You should pick up and continue the style of the codebase as you learn how it works. There is no real substitute for paying attention. There are, however, a few basic rules that are widely established and represent the core canon of the codebase. As of time of {{git blame}}, there is highest consensus around the following:

  • Always use - over _ in binary key names.
    • Why: In general we try to follow the HTTP semantics RFC 9110, so all keys should be HTTP-Header-Case. This is the style that has been used for Arweave data protocols since inception, so to avoid confusion we maintain it in HyperBEAM.
    • Nuances:
      • One weirdness we inherit from HTTP-land is that headers are actually case-insensitive, despite the use of capitals in header descriptions, over-the-wire they are lower-case in HTTP/2+. AO-Core shoots for the same semantics for consistency.
      • In device key resolutions that have multiple words (for example: i_like(Base, Req, Opts) -> {ok, <<"Turtles!">>}.) you may be tempted to call ~device@1.0/i_like. Don't. Instead call /i-like. hb_ao_device will normalize the keys and match for you.
      • hb_opts uses all atoms for its message keys. This is a mistake. It is nice to be able to lookup keys via atoms (normalizing as above) and we should maintain this, but under the surface the keys should be normal-form binaries. To avoid issues when this is translated, perform Opts lookups with only atoms, or use binaries of normal-form if you must.
  • Try to keep lines to around 80 characters-ish. This is not a strict rule because sometimes an 81-85 character line would be very ugly and harder to follow if split. Use your judgement.
    • Why: Our objective is to keep the code readable. Monster lines, and machine-enforced strict styles, both butcher this. Human/LLM judgement can help here.
  • Add a %%% @doc moduledoc to each new module you write, and comment every function you write with a %% @doc Description above it. Inline comments are prepended with a single %.
    • Why: This helps humans and LLMs grok your code in the future.
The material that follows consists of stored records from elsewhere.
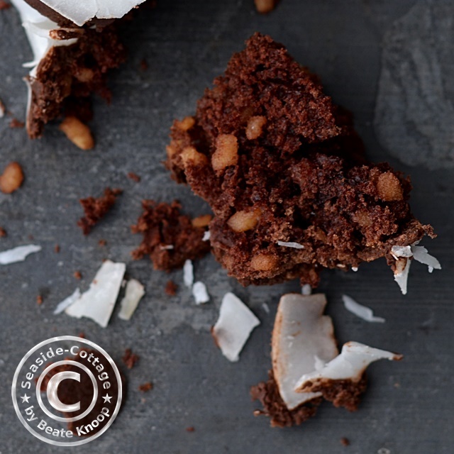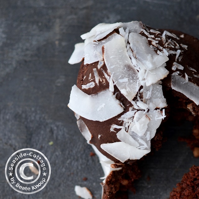 Rezept für vegane Schokomuffins mit Mandeln und Kokosstreusel
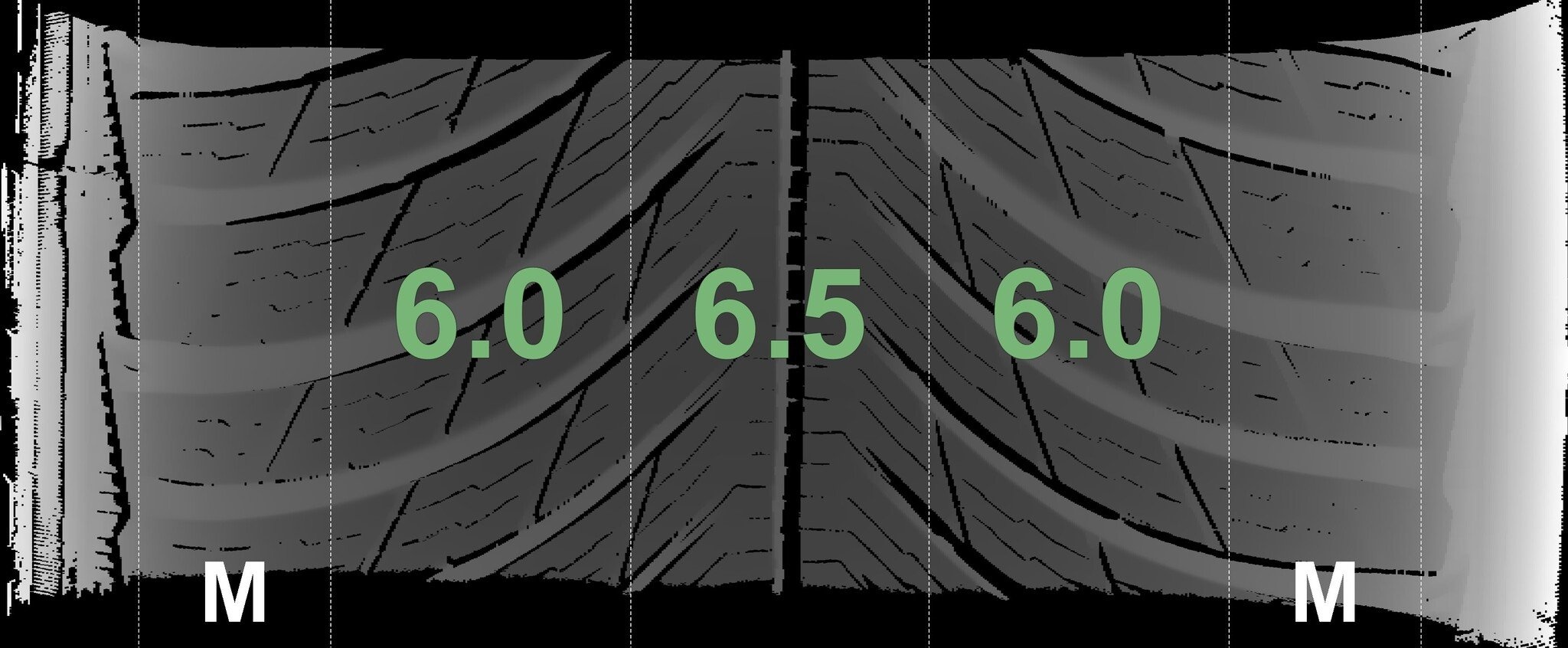 De gemeten profieldieptes en de details van de velgen zijn hierboven weergegeven.
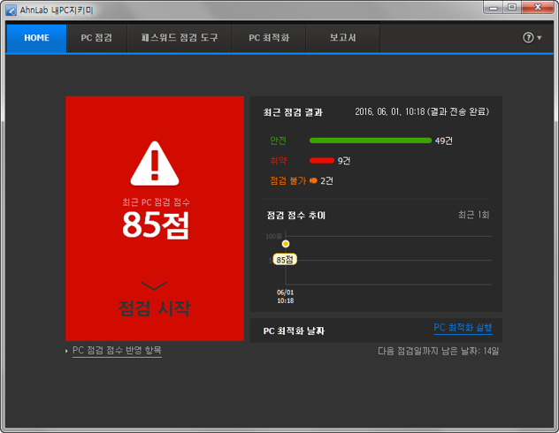 실행된 <AhnLab 내PC지키미>의 HOME 화면에서 점검 시작을 누릅니다.

It also surfaces useful information in tooltips etc upstream.
    • Nuance: I do not know why the Erlang style uses %%% for moduledocs, %% for functions, and % for inline comments, but it does. This can help with parsability for some tooling and the effort-cost is minimal, so we use it.
  • Avoid 'waterfalls'-style statements, instead keeping every set of statements nested such that the start and end of the block are indented inline with each other.
    • Why: This uses slightly more lines, but makes deeply nested code much more readable and comprehensible.
    • Examples:
    BadForm = lists:map(
        fun(X) ->
            X * lists:sum(lists:fold(
                fun(Y, Acc) ->
                    Y * Acc
                end,
                [1,2,3]
            ))
        end
    ),
    GoodForm = lists:map(
            fun(X) ->
                X *
                    lists:sum(
                        lists:fold(
                            fun(Y, Acc) ->
                                Y * Acc
                            end,
                            [1,2,3]
                        )
                    )
            end
        )

There are a few areas where there is no consensus on patterns or style yet:

  • Expressing docs in the info/[0,1] call of devices. There are a few different styles in different devices in the codebase -- if you want to add info response 'inline' docs try to pick one that already exists and see what works/doesn't. We will need to unify them at some point.
  • maybe ... end vs nested case expressions. maybe seems useful and preferable in at least some cases, but bubbling the right error -- rather than just an error -- the caller can sometimes be difficult due to the else pattern matching. Experimentation with patterns here would be good.